Normally we’d get some clarity from the Writers Guild Awards, which are presented by industry peers just like the Oscars are, but because the WGA has stricter awards rules than most other Hollywood unions, neither “Nomadland” nor “The Father” were even eligible to be nominated. “Borat Subsequent Moviefilm” won Best Adapted Screenplay there instead.
Most recently we heard from the BAFTAs, who awarded “The Father.” Could that have just been the home-field advantage for esteemed British writer Hampton? Not necessarily. The British academy liked “Nomadland” enough to give it Best Picture, Best Director (Zhao), and Best Actress (Frances McDormand), so it’s not like it had any kind of disadvantage with UK voters. So maybe that’s the right guidepost for Oscar. Especially since this is the only category where the academy can recognize Zeller and Hampton’s achievement, while Zhao can still be honored as a director, producer, and editor of “Nomadland.”

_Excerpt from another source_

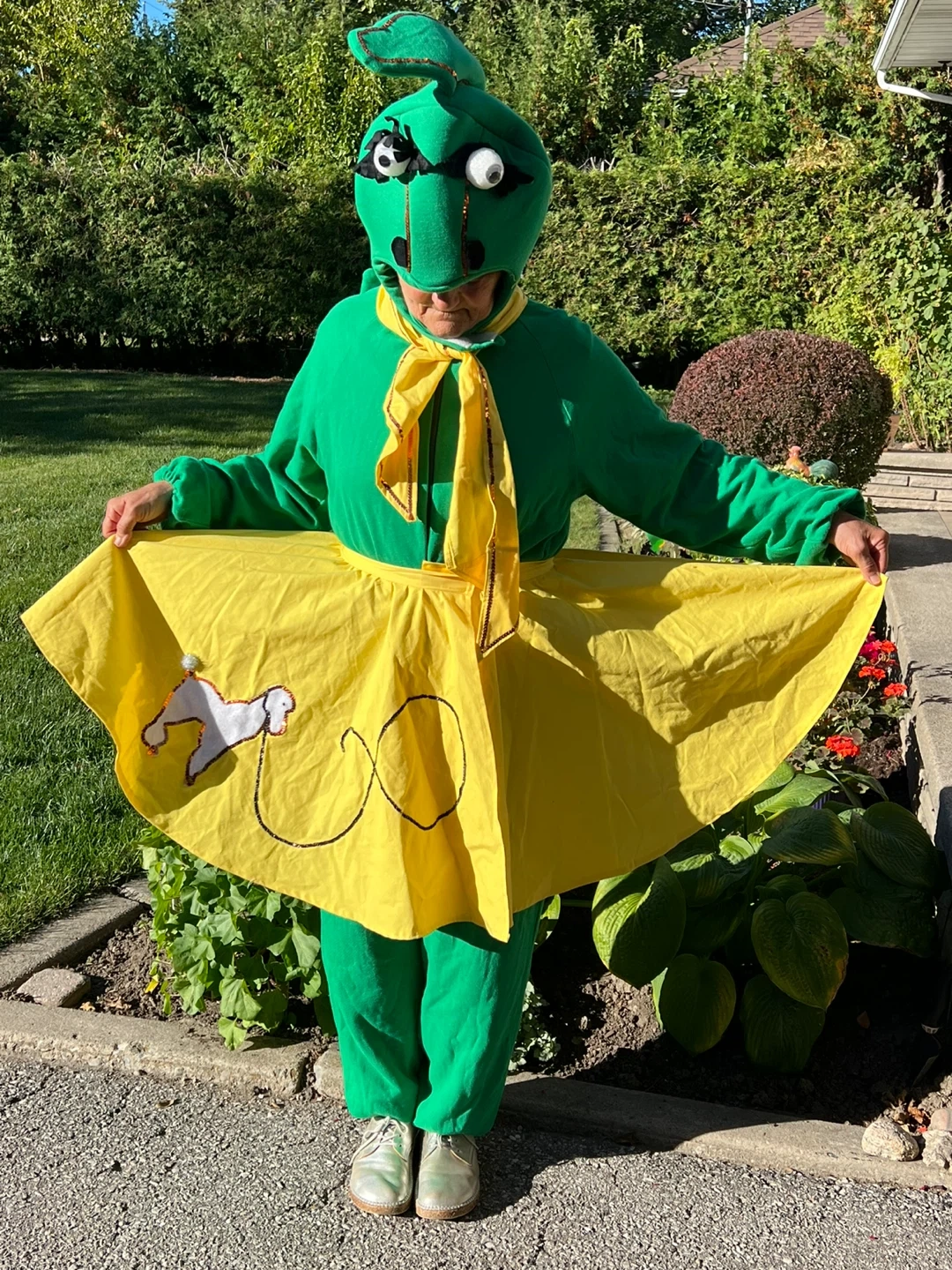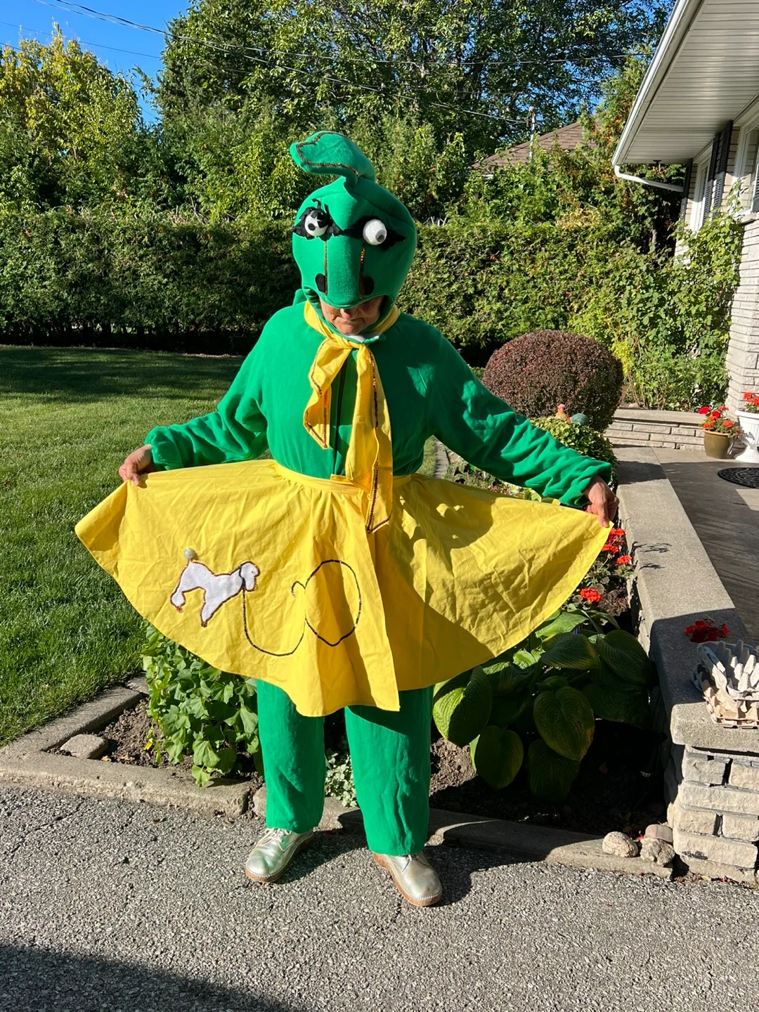 An original custom made dragon costume for adults or tall person? It's green and yellow and is in great condition. Perfect for your Halloween party!

As of this writing “Nomadland” still has the best odds overall, with the vast majority of the Expert journalists we’ve surveyed picking it to win. However, more of Gold Derby’s Editors think “The Father” has the edge (including myself). Our Top 24 Users and All-Star Top 24, who have gotten the best prediction scores in recent years, both give “Nomadland” the edge, but by narrow margins.
So is it really just a two-way race between these films against “One Night in Miami,” “Borat” and “The White Tiger”? And if so, which way do you think it will go?